Everyone knows that blog posts and Java programs are the result of an intelligent agent, who arranges symbols into long, improbable sequences that have function. I write blog posts and I write Java programs, and both are the result of my intelligence sequencing letters by typing into my keyboard. Now what should we infer if we look at the universe and we see similar sequences that have functions?
This article from Evolution News explains how a person can look at the universe, find functional sequences of symbols, and infer a designer. (H/T J Warner Wallace of Please Convince Me)
Excerpt:
Intelligent design is a scientific theory that holds some aspects of life and the universe are best explained by reference to an intelligent cause. Why? Because they contain the type of complexity and information that in our experience comes only from intelligence.
As a result, intelligent-design theorists begin by studying how intelligent agents act when they design things. Intelligence is a process, or a mechanism, which we can observe at work in the world around us. Human designers make a great dataset for studying how intelligent agency works.
When we study the actions of humans, we learn that intelligent agents produce high levels of complex and specified information (CSI). Something is complex if it’s unlikely, and specified if it matches some independent pattern. William Dembski and Stephen Meyer explain that in our experience, only intelligent agents produce this type of information:
- “[T]he defining feature of intelligent causes is their ability to create novel information and, in particular, specified complexity.” (William A. Dembski, No Free Lunch: Why Specified Complexity Cannot Be Purchased without Intelligence, p. xiv (Rowman & Littlefield Publishers 2002).)

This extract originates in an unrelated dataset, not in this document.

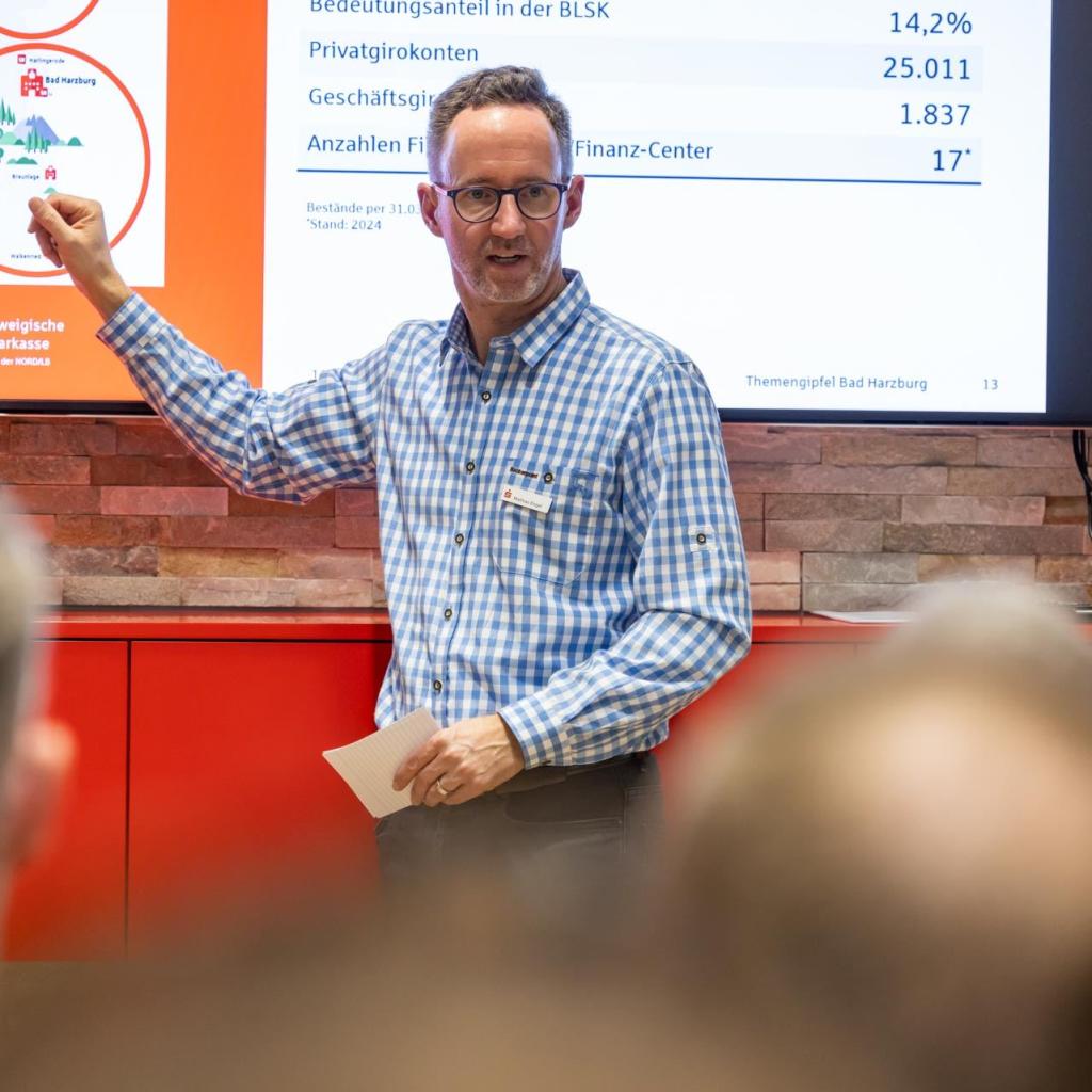 Nach einem Zwischenhalt im Baumwipfelpfad, wo Geschäftsführerin Eva-Christin Ronkainen-Kolb über die Projekte der HarzVenture GmbH berichtete, fand der neunte Themengipfel seinen inspirierenden in den Räumlichkeiten der Braunschweigischen Landessparkasse, wo Lars Dannheim, Silvester Plotka und Mathias Engel (alle BLSK) einen Impuls zu „Zinsen, Inflation und Wirtschaftsausblick 2024 – Wo stehen wir aktuell in Deutschland“ lieferten und Udo Kolle Einblicke in die Arbeit des auf Gefahrgüter spezialisierten Logistikunternehmens PLG mbH gab.

- “Agents can arrange matter with distant goals in mind. In their use of language, they routinely ‘find’ highly isolated and improbable functional sequences amid vast spaces of combinatorial possibilities.” (Stephen C. Meyer, “The Cambrian Information Explosion,” inDebating Design (edited by Michael Ruse and William Dembski; Cambridge University Press 2004).)
Meyer further explains that in our experience, only intelligence produces high levels of CSI:
[W]e have repeated experience of rational and conscious agents — in particular ourselves — generating or causing increases in complex specified information, both in the form of sequence-specific lines of code and in the form of hierarchically arranged systems of parts. … Our experience-based knowledge of information-flow confirms that systems with large amounts of specified complexity (especially codes and languages) invariably originate from an intelligent source, from a mind or personal agent.” (Stephen C. Meyer, “The origin of biological information and the higher taxonomic categories,” Proceedings of the Biological Society of Washington, Vol. 117(2):213-239 (2004).)Thus, in our experience, high levels of complex and specified information — such as in codes and languages — arise only from intelligence. By assessing whether natural structures contain the type of complexity — high CSI — that in our experience comes only from intelligence, we can construct a positive, testable case for design.
And what happens when we study nature? Well, the past 60 years of biology research have uncovered that life is fundamentally based upon:
- A vast amount of complex and specified information encoded in a biochemical language;
- A computer-like system of commands and codes that processes the information.
- Molecular machines and multi-machine systems.
But where in our experience do things like language, complex and specified information, programming code, or machines come from? They have one and only one known source: intelligence.
One of the strangest things about intelligent design is how many people use the phrase without even being able to define it or point to an academic book or paper where the concept is defined. There are several places where information is found in nature: the origin of life (“biological information”) and Cambrian explosion (“higher taxonomic categories”) are two of them. There is no known naturalistic method of producing large amounts of functional information in these two areas. But we know that human intelligence are capable of creating the sequences – we’ve seen it done. Intelligent design is the view that functional information sequences in nature are the result of intelligence. That’s all we know that can produce it.